Items listed in a dataset

........

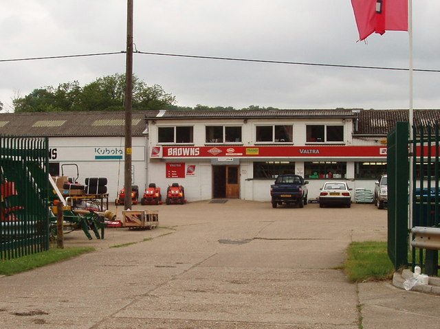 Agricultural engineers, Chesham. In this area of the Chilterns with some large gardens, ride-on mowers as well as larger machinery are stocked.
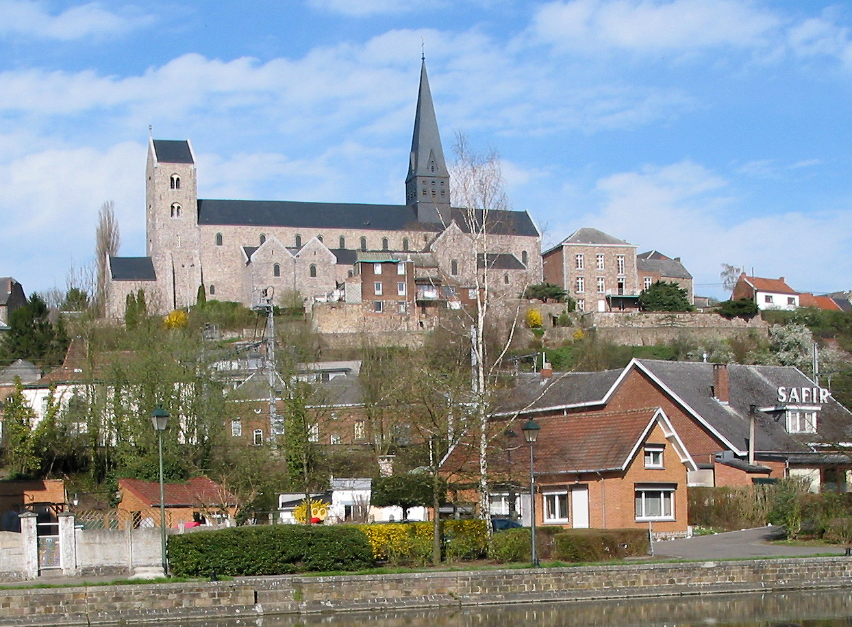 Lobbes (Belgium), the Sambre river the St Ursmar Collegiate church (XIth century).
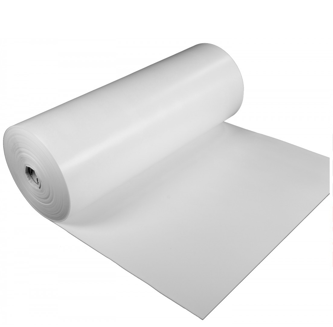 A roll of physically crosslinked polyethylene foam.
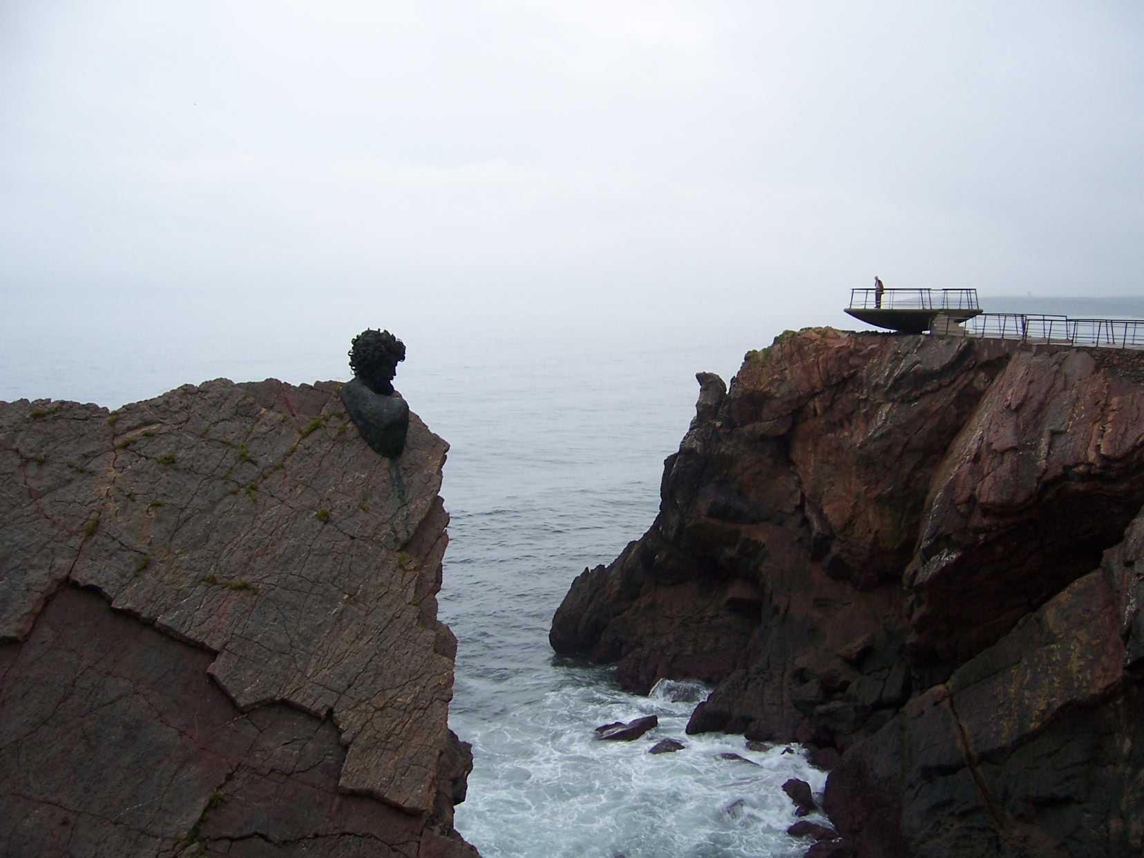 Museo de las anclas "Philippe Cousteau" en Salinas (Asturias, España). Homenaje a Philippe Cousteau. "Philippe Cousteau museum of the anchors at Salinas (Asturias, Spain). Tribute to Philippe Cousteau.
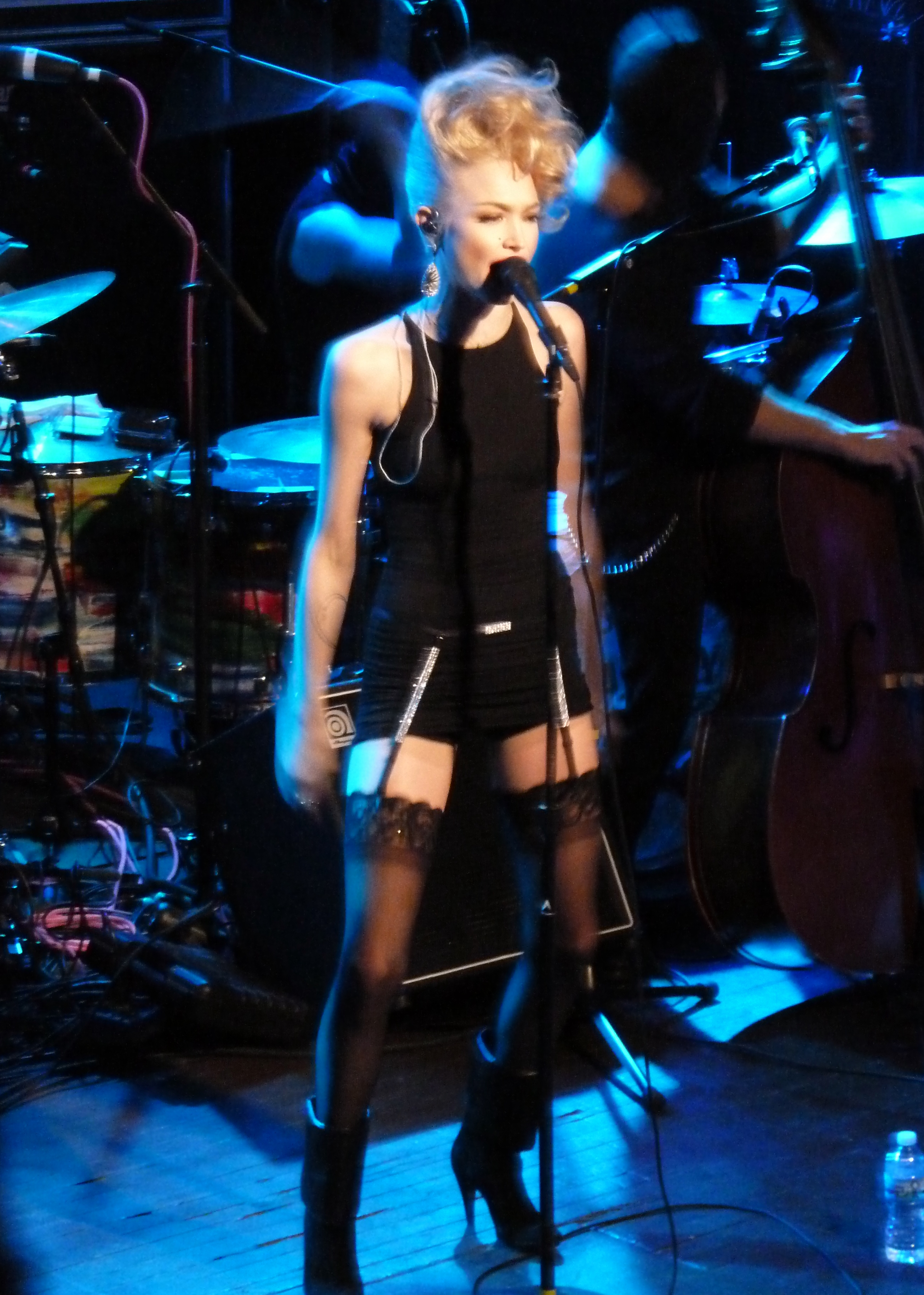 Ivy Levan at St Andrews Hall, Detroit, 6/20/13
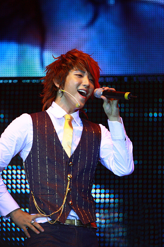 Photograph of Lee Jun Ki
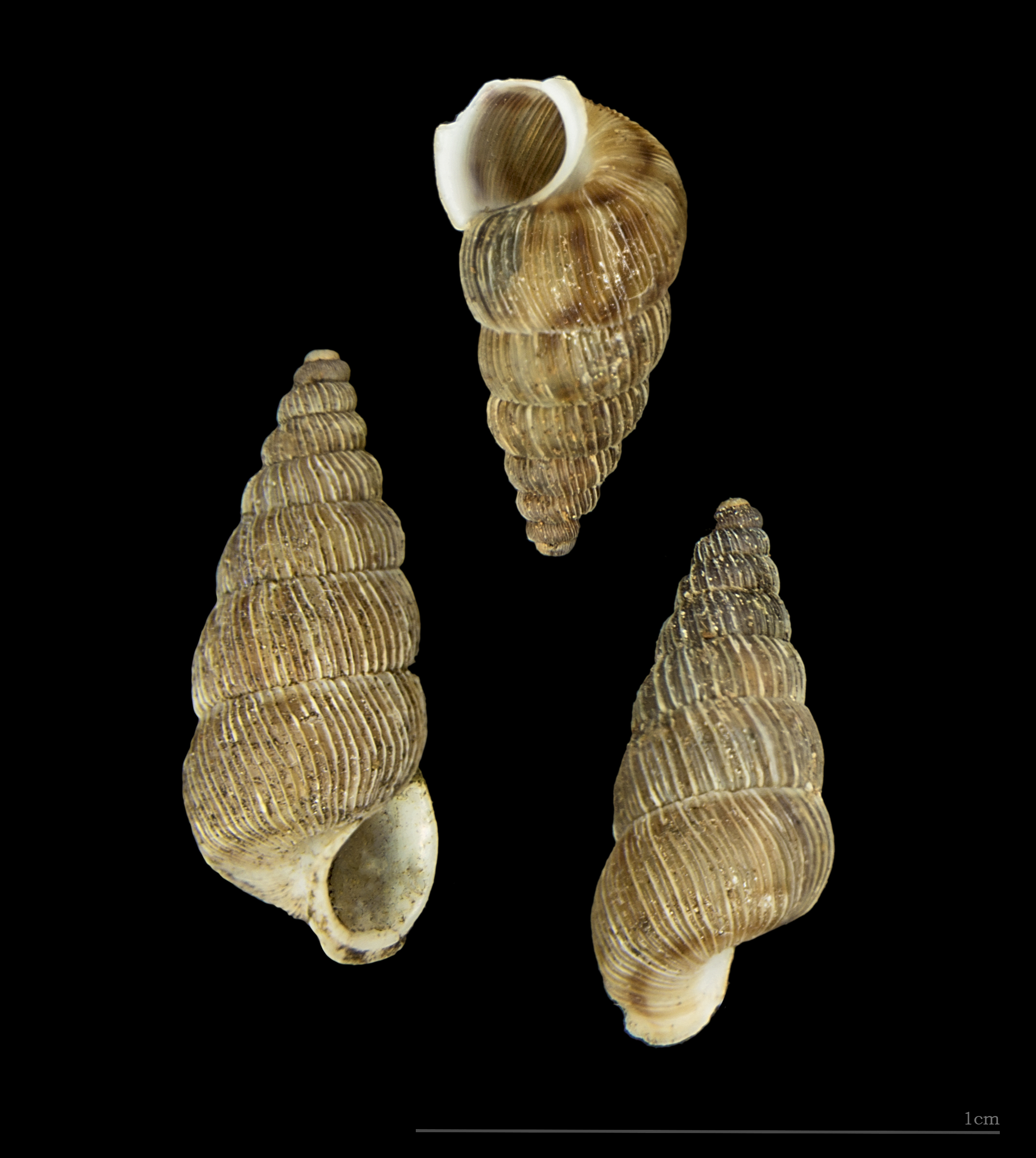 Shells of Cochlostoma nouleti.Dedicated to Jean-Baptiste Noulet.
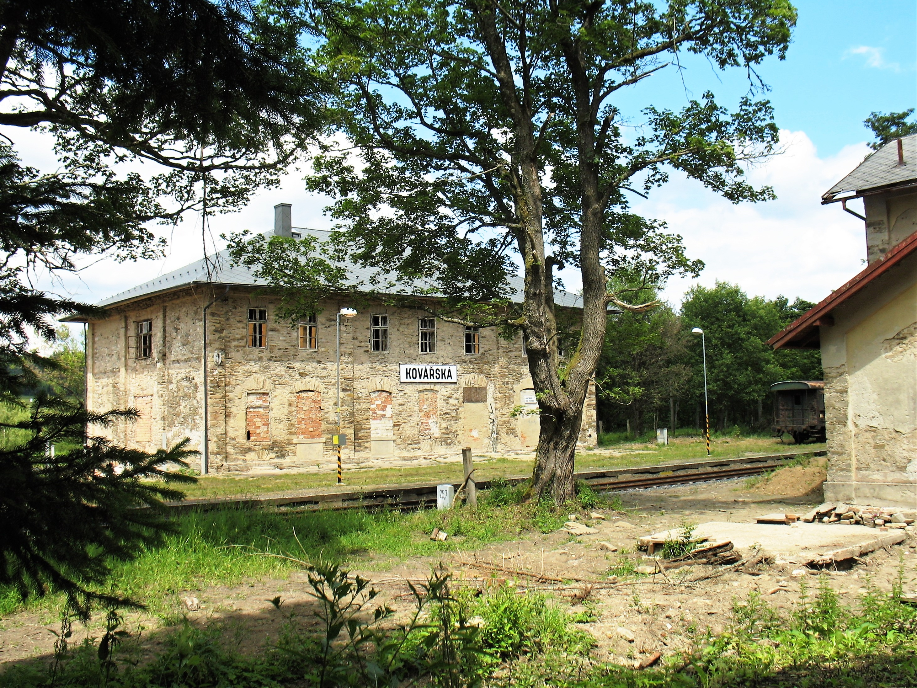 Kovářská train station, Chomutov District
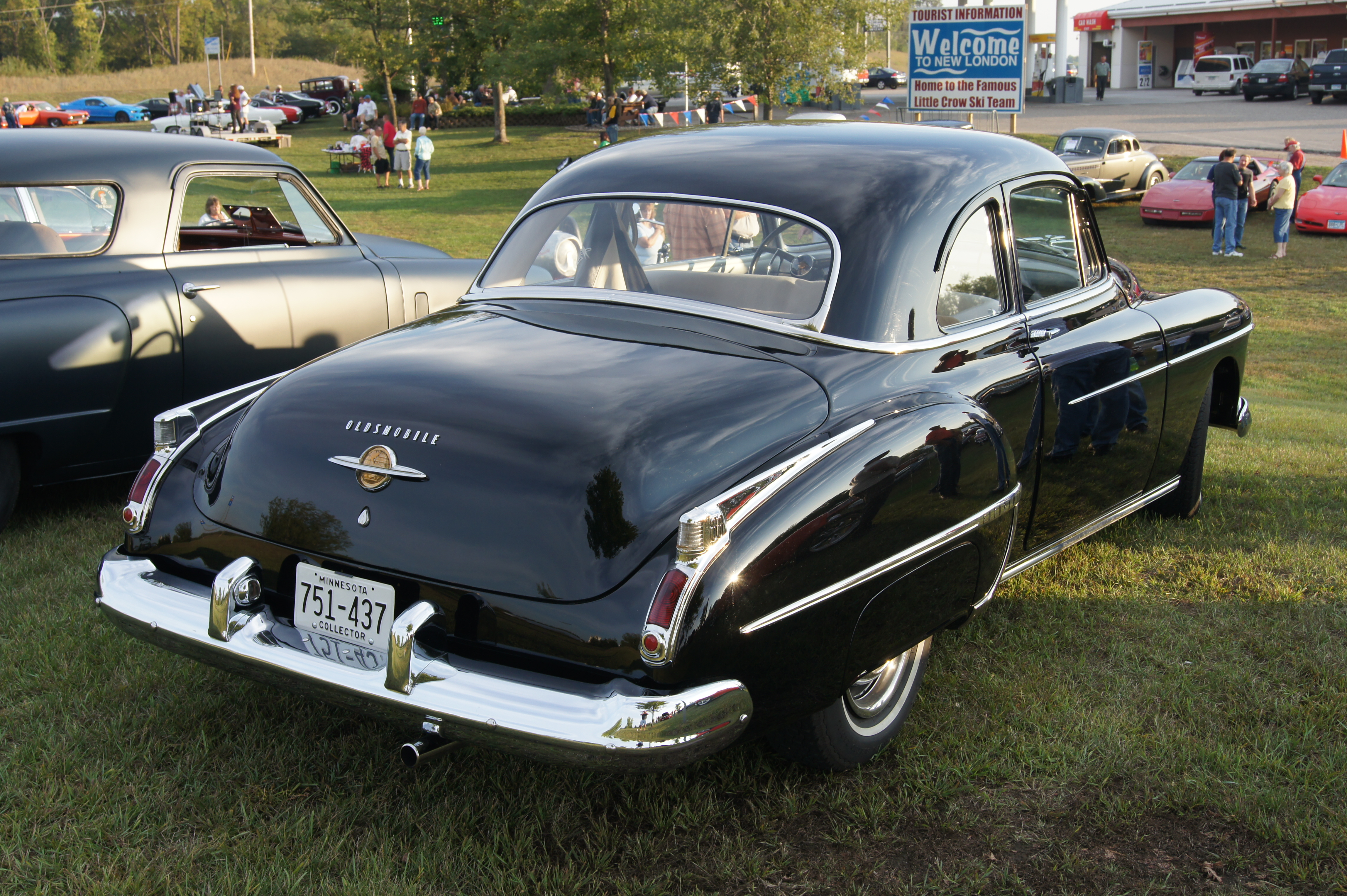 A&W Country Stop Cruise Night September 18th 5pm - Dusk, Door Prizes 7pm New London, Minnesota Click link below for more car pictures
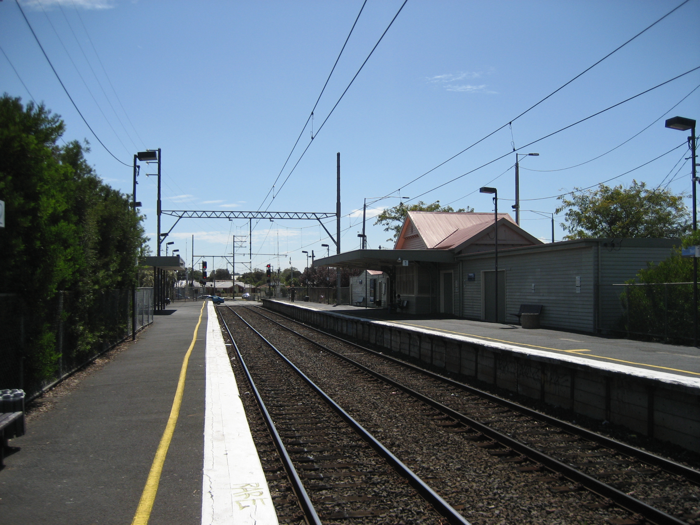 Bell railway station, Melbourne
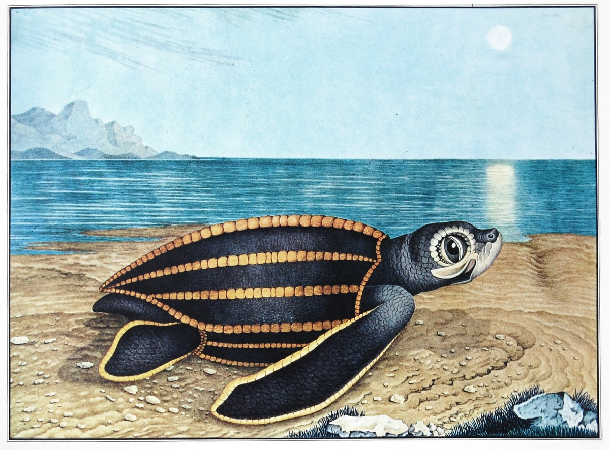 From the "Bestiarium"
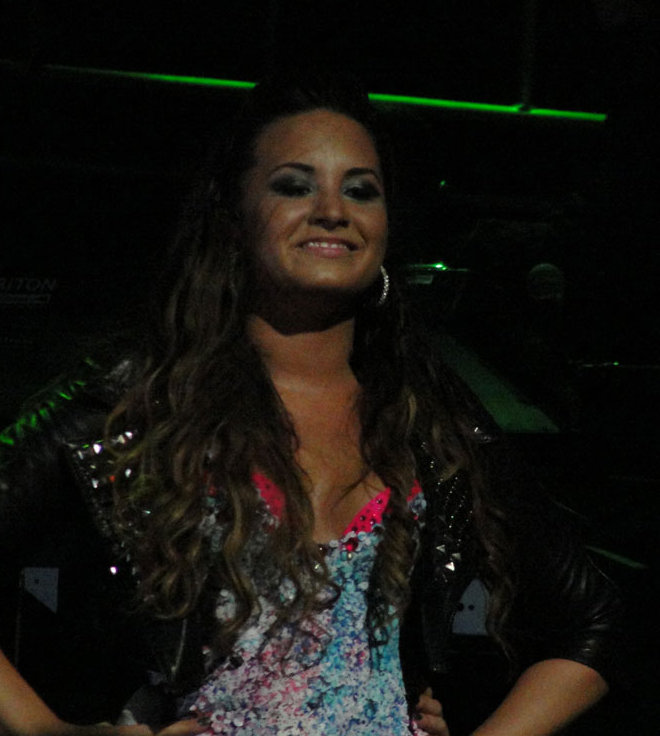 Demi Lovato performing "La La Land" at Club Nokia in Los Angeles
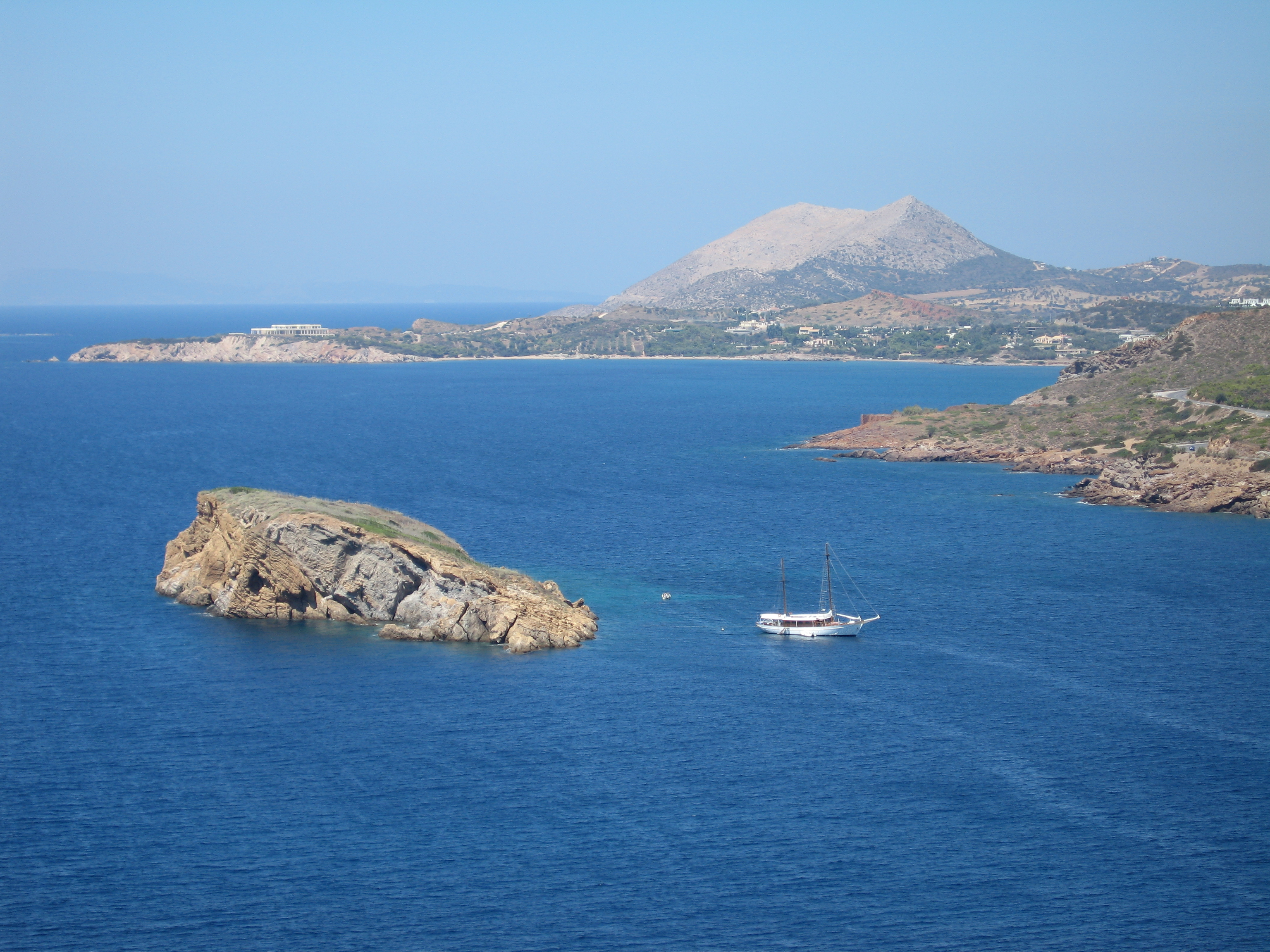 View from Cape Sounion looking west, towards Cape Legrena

........

## Your assignment
Reproduce each line above precisely, with no pictures.

## Reply to the task
 Agricultural engineers, Chesham. In this area of the Chilterns with some large gardens, ride-on mowers as well as larger machinery are stocked.
 Lobbes (Belgium), the Sambre river the St Ursmar Collegiate church (XIth century).
 A roll of physically crosslinked polyethylene foam.
 Museo de las anclas "Philippe Cousteau" en Salinas (Asturias, España). Homenaje a Philippe Cousteau. "Philippe Cousteau museum of the anchors at Salinas (Asturias, Spain). Tribute to Philippe Cousteau.
 Ivy Levan at St Andrews Hall, Detroit, 6/20/13
 Photograph of Lee Jun Ki
 Shells of Cochlostoma nouleti.Dedicated to Jean-Baptiste Noulet.
 Kovářská train station, Chomutov District
 A&W Country Stop Cruise Night September 18th 5pm - Dusk, Door Prizes 7pm New London, Minnesota Click link below for more car pictures
 Bell railway station, Melbourne
 From the "Bestiarium"
 Demi Lovato performing "La La Land" at Club Nokia in Los Angeles
 View from Cape Sounion looking west, towards Cape Legrena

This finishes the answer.